The Oxford research team has also started a case study measuring the impact of sanitation on health and income generation capacity of rural citizens in India. The case study employs a sophisticated survey framework, and the primary data collection from 2000–2400 households from four Indian states has started in early June.
Contribution of pharmaceutical MNEs to access to medicines in India varies in different segments
The research team at the Public Health Foundation of India (PHFI) has evaluated the performance and contribution of pharmaceutical MNEs to access to medicines in India. The research team found the contribution of MNEs to Indian pharmaceutical market significant in terms of value as well as the number of formulations and brands marketed. Five out of the top ten firms in the year 2012 were MNEs, accounting for 22 percent of the total market. These MNEs include Abbott, Ranbaxy (was MNE in 2012), GSK, Pfizer and Sanofi.
The PHFI’s research discovered that the contribution of MNEs is considerably higher in certain therapeutic segments such as vaccines and hormones. On the other hand, the contribution to certain disease categories such as neglected tropical diseases is very limited. Moreover, MNEs’ contribution to therapeutic categories of tuberculosis, HIV and malaria, which are the focus of Millennium Development Goals, is also limited in terms of value. In addition, the research showed that MNEs’ contribution is significant in terms of bringing new chemical entities (NCE) to the Indian market.
Qualitative interviews indicated that MNEs contribute significantly to domestic pharmaceutical industry through positive spin-offs and spillovers as a result of foreign direct investments, both green field and brown field.
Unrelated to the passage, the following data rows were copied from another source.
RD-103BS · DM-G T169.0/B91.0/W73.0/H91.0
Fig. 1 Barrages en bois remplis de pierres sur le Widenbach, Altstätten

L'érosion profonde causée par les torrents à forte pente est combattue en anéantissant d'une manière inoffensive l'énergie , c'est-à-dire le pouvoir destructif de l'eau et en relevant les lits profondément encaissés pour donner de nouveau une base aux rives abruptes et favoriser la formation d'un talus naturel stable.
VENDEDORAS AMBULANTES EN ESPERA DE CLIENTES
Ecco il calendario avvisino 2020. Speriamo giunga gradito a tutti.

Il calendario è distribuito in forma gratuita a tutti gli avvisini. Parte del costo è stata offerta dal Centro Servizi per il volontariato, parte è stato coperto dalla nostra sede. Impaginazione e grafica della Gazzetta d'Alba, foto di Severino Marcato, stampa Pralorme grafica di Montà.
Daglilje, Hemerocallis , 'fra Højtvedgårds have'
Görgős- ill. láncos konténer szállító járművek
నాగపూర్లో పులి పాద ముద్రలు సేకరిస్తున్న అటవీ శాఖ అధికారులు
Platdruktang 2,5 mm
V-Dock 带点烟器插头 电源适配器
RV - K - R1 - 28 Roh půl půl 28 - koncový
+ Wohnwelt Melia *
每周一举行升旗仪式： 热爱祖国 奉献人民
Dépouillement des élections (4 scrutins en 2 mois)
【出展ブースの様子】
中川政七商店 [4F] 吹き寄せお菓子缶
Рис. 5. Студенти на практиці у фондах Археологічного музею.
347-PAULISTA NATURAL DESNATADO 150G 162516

Some of the areas of productive gains include faster adoption of new technologies, adoption of higher quality standards, new production methods and new management practices as well as increased access to international markets. However, MNEs’ contribution in terms of providing access to medicines especially for the products under patents is limited. Overall, MNEs’ contribution to India’s public health needs is not as spectacular as compared to their contribution to trade and investment leading to pharmaceutical industrial development.
A case study of the impact of the Light for All programme in Brazil proceeding
In Brazil, the MNEmerge project aims to evaluate the impact of the Light for All public social programme on poverty reduction and sustainable development. The research team at INESC P&D Brazil has gathered data for the case study by conducting interviews with energy companies and by a policy questionnaire from the Santa Catarina State Government in Brazil. Research on technical solutions used in the Light for All programme is also underway. These solutions include, for instance, producing energy from renewable sources to local population living without electrical light.
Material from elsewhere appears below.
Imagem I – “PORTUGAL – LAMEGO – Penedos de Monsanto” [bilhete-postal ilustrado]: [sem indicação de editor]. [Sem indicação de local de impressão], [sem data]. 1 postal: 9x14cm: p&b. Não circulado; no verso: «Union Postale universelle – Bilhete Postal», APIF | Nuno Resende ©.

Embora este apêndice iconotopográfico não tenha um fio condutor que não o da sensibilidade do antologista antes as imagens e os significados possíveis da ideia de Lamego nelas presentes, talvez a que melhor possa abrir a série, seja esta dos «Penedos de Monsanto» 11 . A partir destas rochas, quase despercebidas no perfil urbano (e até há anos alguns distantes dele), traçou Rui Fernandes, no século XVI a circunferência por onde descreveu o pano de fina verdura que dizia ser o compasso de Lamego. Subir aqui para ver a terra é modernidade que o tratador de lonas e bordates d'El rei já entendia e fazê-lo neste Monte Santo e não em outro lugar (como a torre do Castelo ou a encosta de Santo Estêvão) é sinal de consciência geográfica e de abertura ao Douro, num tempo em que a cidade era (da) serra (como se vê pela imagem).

MNEmerge will organise several regional stakeholder meetings and policy workshops during the latter half of the 2015, in which the findings of the project will be discussed with the relevant regional stakeholders. In India, a one-day regional stakeholder meeting is planned for the 21st of August and a large scale dissemination conference for November. In Brazil, a workshop is planned to be organised in December in order to create an opportunity for both policy-makers and MNEs to be involved in the project. A similar kind of workshop is also planned to be organized in Ghana during the autumn 2015. Furthermore, a meeting for the project’s advisory board will be organized in October in conjunction with the MNEmerge partner meeting in Oxford, the UK.